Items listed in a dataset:

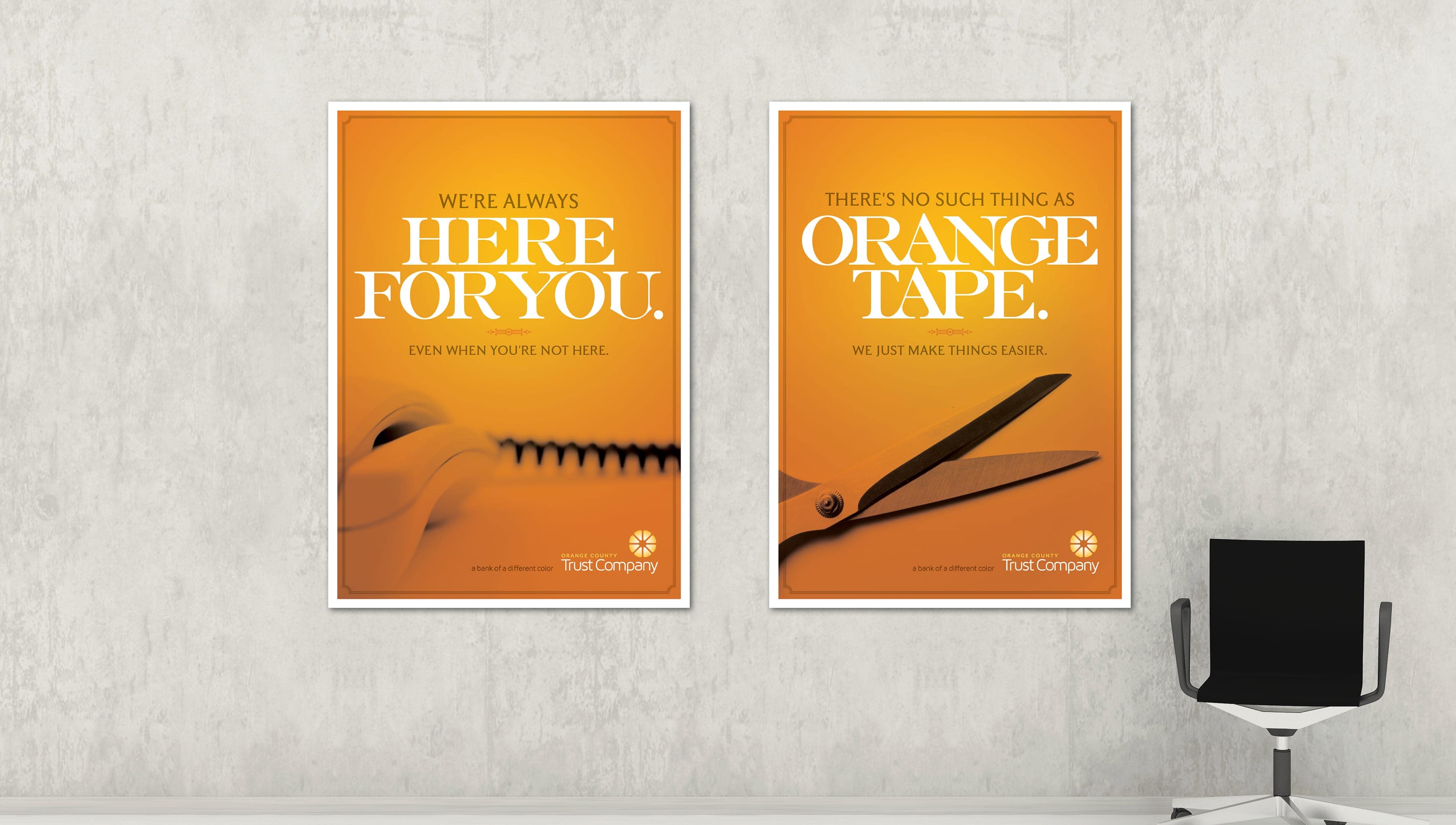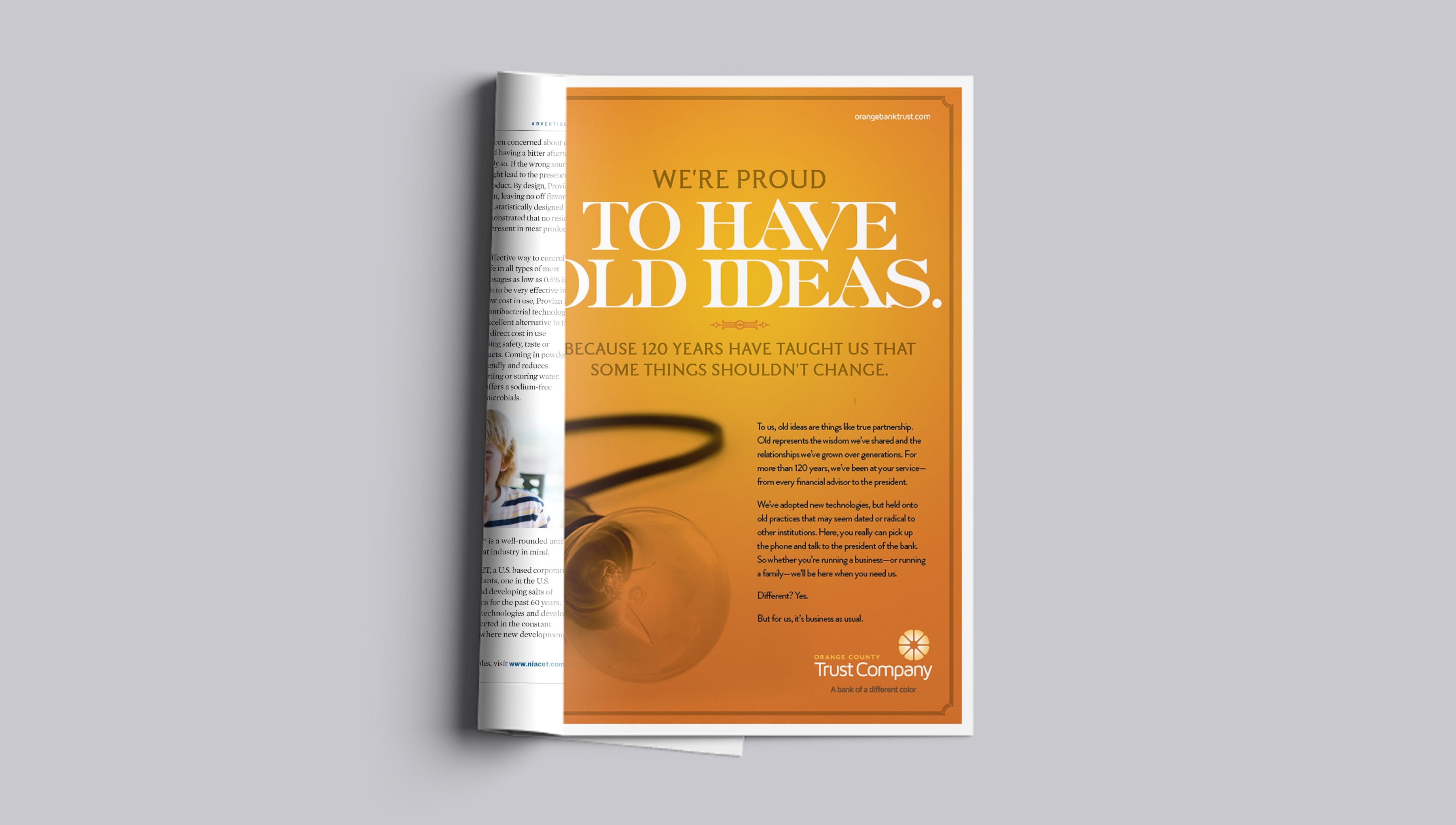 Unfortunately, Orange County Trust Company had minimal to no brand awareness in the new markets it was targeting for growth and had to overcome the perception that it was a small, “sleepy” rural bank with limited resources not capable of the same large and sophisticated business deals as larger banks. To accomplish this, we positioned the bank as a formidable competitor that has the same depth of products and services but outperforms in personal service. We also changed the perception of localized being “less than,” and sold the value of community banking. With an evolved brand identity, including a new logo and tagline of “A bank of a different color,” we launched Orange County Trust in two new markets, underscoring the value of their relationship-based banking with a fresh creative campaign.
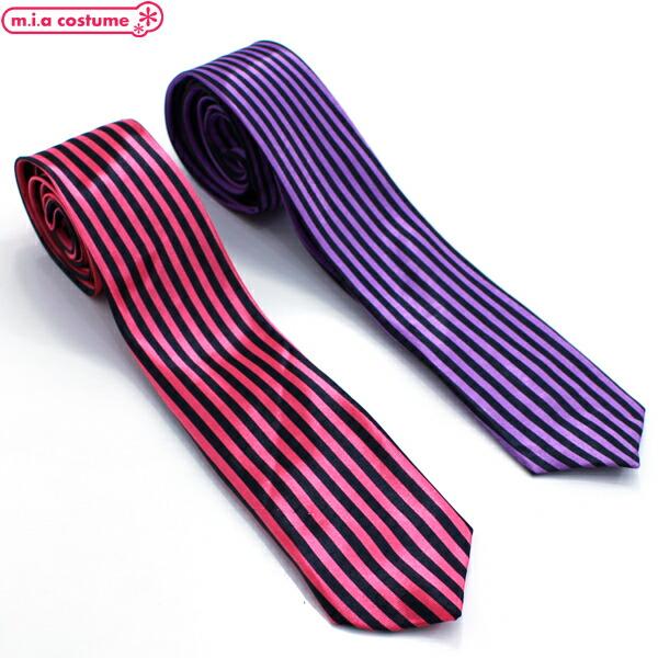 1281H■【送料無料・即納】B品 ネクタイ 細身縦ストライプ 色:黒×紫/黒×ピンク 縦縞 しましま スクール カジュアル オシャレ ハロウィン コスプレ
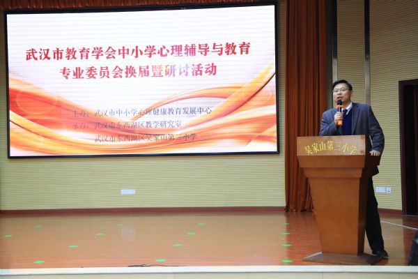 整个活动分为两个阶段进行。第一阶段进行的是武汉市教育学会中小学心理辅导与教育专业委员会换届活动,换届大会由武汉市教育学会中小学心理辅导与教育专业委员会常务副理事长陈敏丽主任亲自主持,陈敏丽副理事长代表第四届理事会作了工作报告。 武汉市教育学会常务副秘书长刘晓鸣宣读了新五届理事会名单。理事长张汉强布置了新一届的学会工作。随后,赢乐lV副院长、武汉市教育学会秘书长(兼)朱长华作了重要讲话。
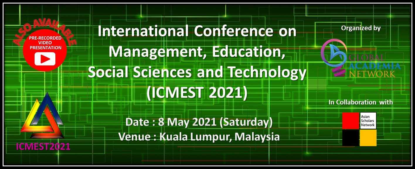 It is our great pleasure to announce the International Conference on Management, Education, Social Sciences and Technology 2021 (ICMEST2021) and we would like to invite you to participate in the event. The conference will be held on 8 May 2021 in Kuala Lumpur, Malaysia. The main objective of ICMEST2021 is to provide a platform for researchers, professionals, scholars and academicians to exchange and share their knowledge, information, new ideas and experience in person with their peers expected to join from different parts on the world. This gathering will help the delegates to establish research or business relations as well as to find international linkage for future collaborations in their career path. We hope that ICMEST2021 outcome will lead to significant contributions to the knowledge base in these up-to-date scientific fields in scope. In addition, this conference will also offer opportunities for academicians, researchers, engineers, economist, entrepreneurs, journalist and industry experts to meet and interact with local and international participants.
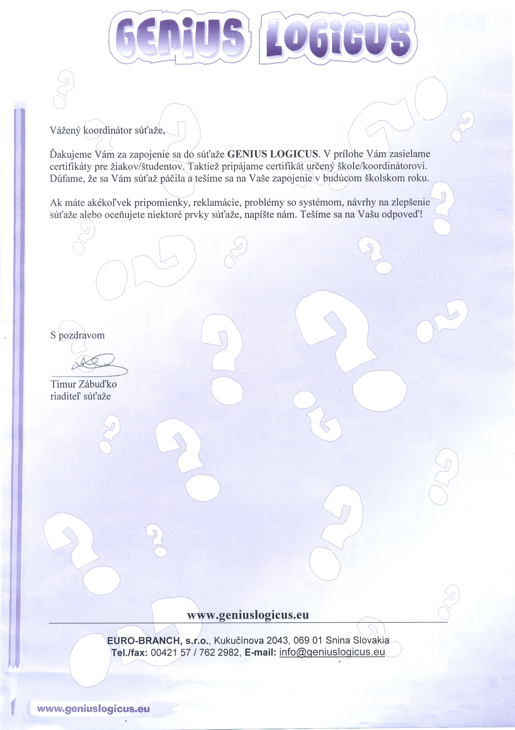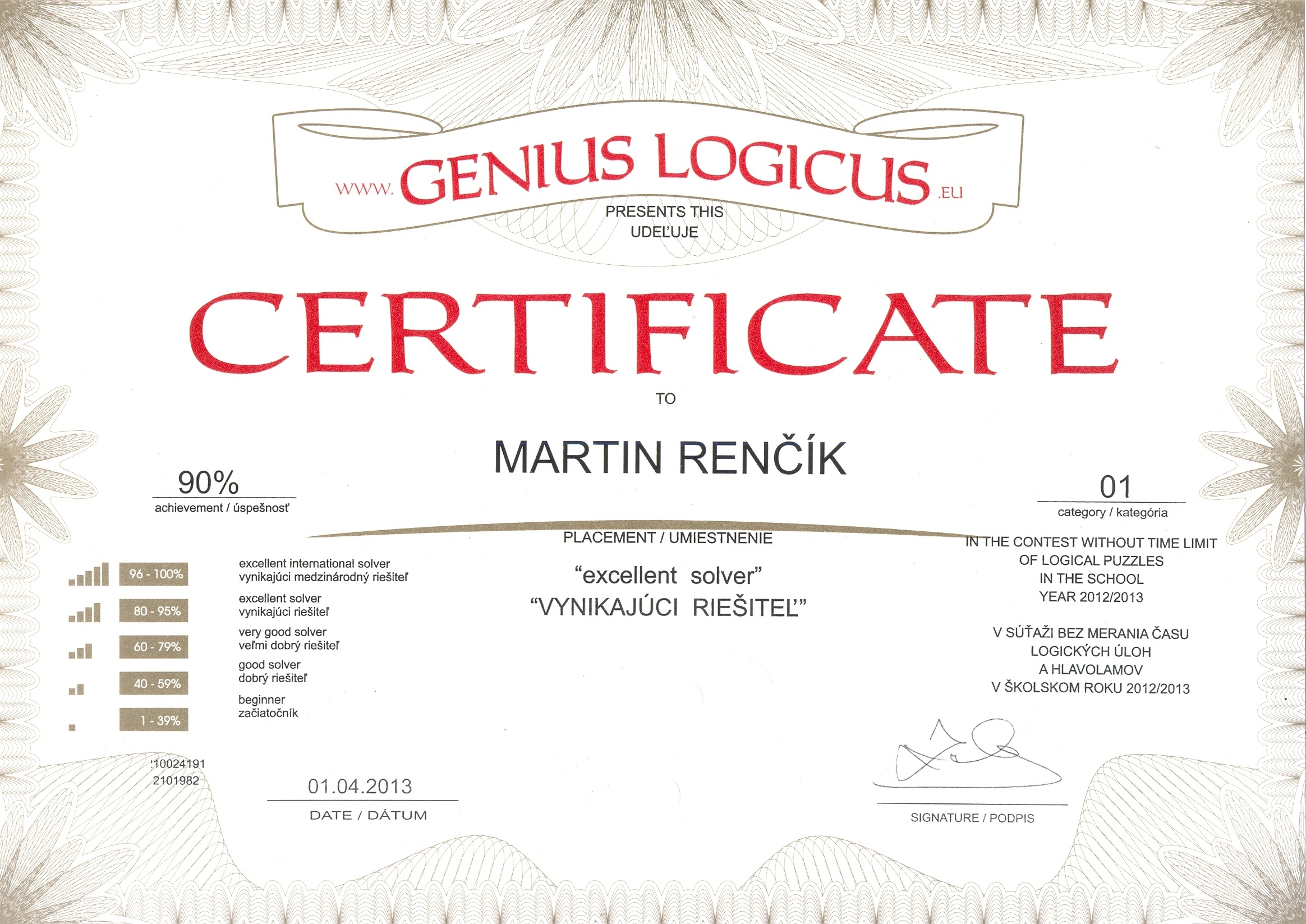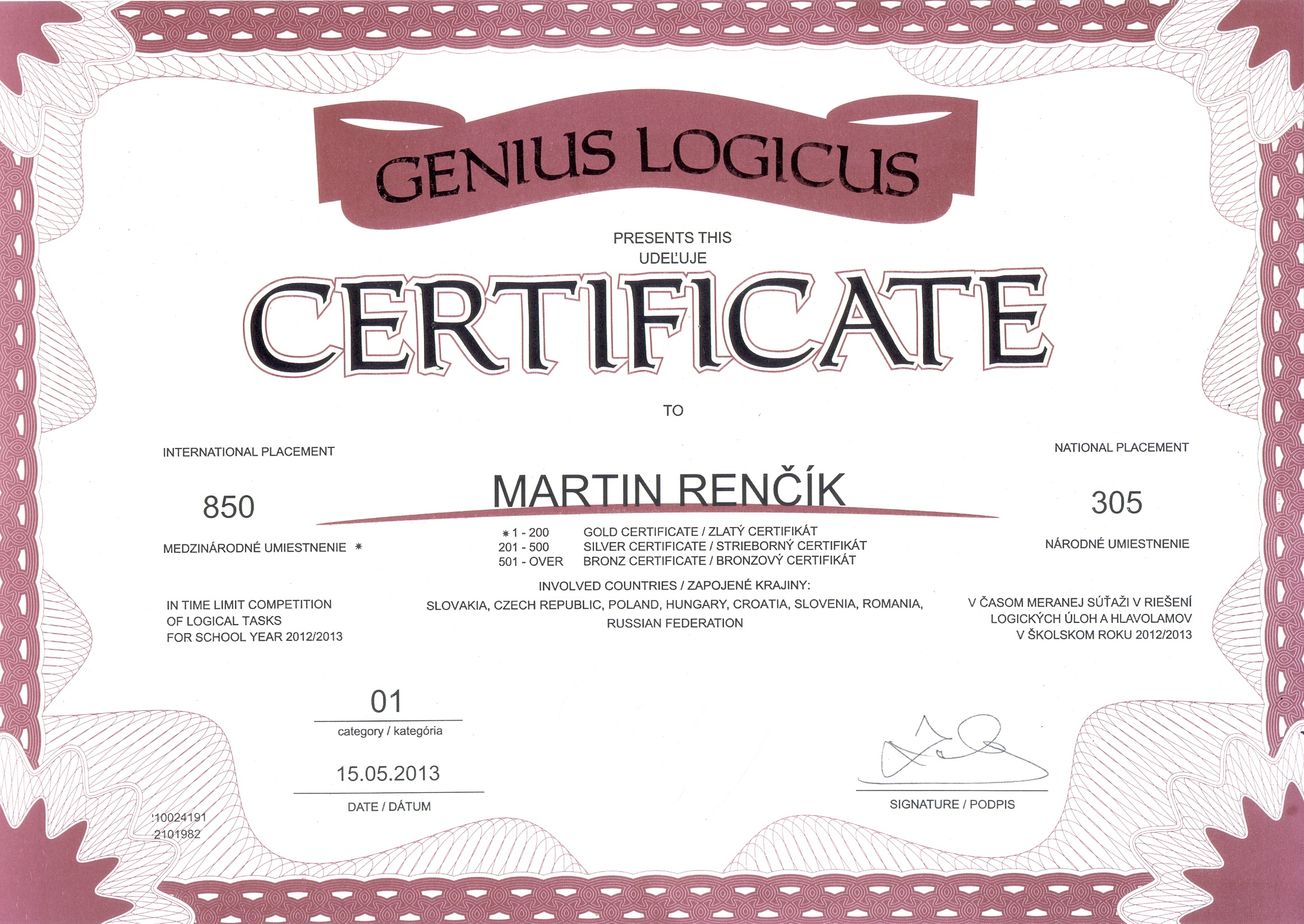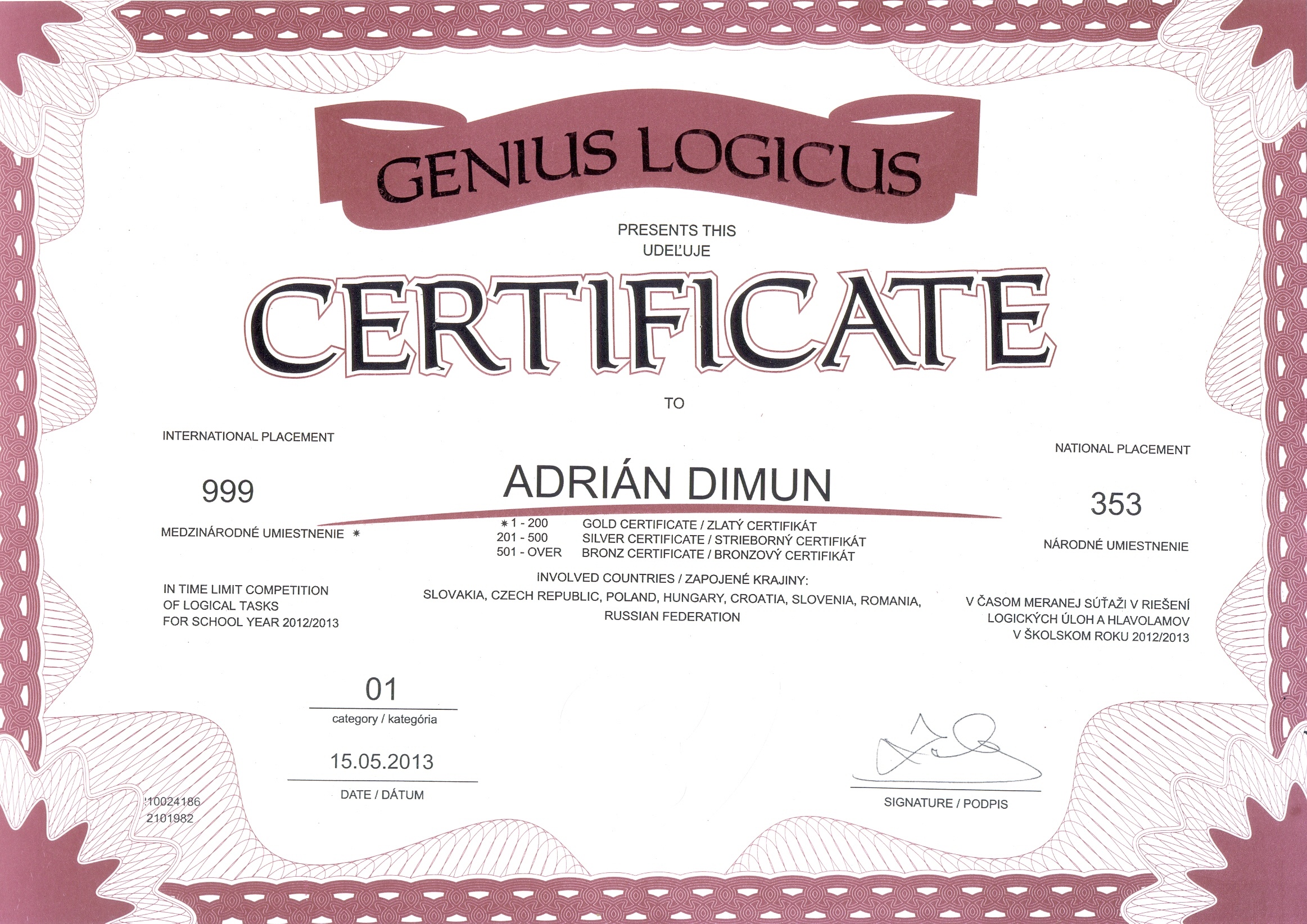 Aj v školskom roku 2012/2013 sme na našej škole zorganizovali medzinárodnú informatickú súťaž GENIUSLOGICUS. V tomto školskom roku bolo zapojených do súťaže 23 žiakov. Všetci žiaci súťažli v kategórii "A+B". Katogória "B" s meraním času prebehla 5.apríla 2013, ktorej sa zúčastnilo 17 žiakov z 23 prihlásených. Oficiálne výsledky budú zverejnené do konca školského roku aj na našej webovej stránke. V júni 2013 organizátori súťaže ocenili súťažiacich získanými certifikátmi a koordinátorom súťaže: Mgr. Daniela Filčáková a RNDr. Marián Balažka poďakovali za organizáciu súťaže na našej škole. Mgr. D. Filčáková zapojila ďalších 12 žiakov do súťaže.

TASK:
The entries are to be restated word for word, with pictures omitted.

EXERCISE RESPONSE:
 Unfortunately, Orange County Trust Company had minimal to no brand awareness in the new markets it was targeting for growth and had to overcome the perception that it was a small, “sleepy” rural bank with limited resources not capable of the same large and sophisticated business deals as larger banks. To accomplish this, we positioned the bank as a formidable competitor that has the same depth of products and services but outperforms in personal service. We also changed the perception of localized being “less than,” and sold the value of community banking. With an evolved brand identity, including a new logo and tagline of “A bank of a different color,” we launched Orange County Trust in two new markets, underscoring the value of their relationship-based banking with a fresh creative campaign.
 1281H■【送料無料・即納】B品 ネクタイ 細身縦ストライプ 色:黒×紫/黒×ピンク 縦縞 しましま スクール カジュアル オシャレ ハロウィン コスプレ
 整个活动分为两个阶段进行。第一阶段进行的是武汉市教育学会中小学心理辅导与教育专业委员会换届活动,换届大会由武汉市教育学会中小学心理辅导与教育专业委员会常务副理事长陈敏丽主任亲自主持,陈敏丽副理事长代表第四届理事会作了工作报告。 武汉市教育学会常务副秘书长刘晓鸣宣读了新五届理事会名单。理事长张汉强布置了新一届的学会工作。随后,赢乐lV副院长、武汉市教育学会秘书长(兼)朱长华作了重要讲话。
 It is our great pleasure to announce the International Conference on Management, Education, Social Sciences and Technology 2021 (ICMEST2021) and we would like to invite you to participate in the event. The conference will be held on 8 May 2021 in Kuala Lumpur, Malaysia. The main objective of ICMEST2021 is to provide a platform for researchers, professionals, scholars and academicians to exchange and share their knowledge, information, new ideas and experience in person with their peers expected to join from different parts on the world. This gathering will help the delegates to establish research or business relations as well as to find international linkage for future collaborations in their career path. We hope that ICMEST2021 outcome will lead to significant contributions to the knowledge base in these up-to-date scientific fields in scope. In addition, this conference will also offer opportunities for academicians, researchers, engineers, economist, entrepreneurs, journalist and industry experts to meet and interact with local and international participants.
 Aj v školskom roku 2012/2013 sme na našej škole zorganizovali medzinárodnú informatickú súťaž GENIUSLOGICUS. V tomto školskom roku bolo zapojených do súťaže 23 žiakov. Všetci žiaci súťažli v kategórii "A+B". Katogória "B" s meraním času prebehla 5.apríla 2013, ktorej sa zúčastnilo 17 žiakov z 23 prihlásených. Oficiálne výsledky budú zverejnené do konca školského roku aj na našej webovej stránke. V júni 2013 organizátori súťaže ocenili súťažiacich získanými certifikátmi a koordinátorom súťaže: Mgr. Daniela Filčáková a RNDr. Marián Balažka poďakovali za organizáciu súťaže na našej škole. Mgr. D. Filčáková zapojila ďalších 12 žiakov do súťaže.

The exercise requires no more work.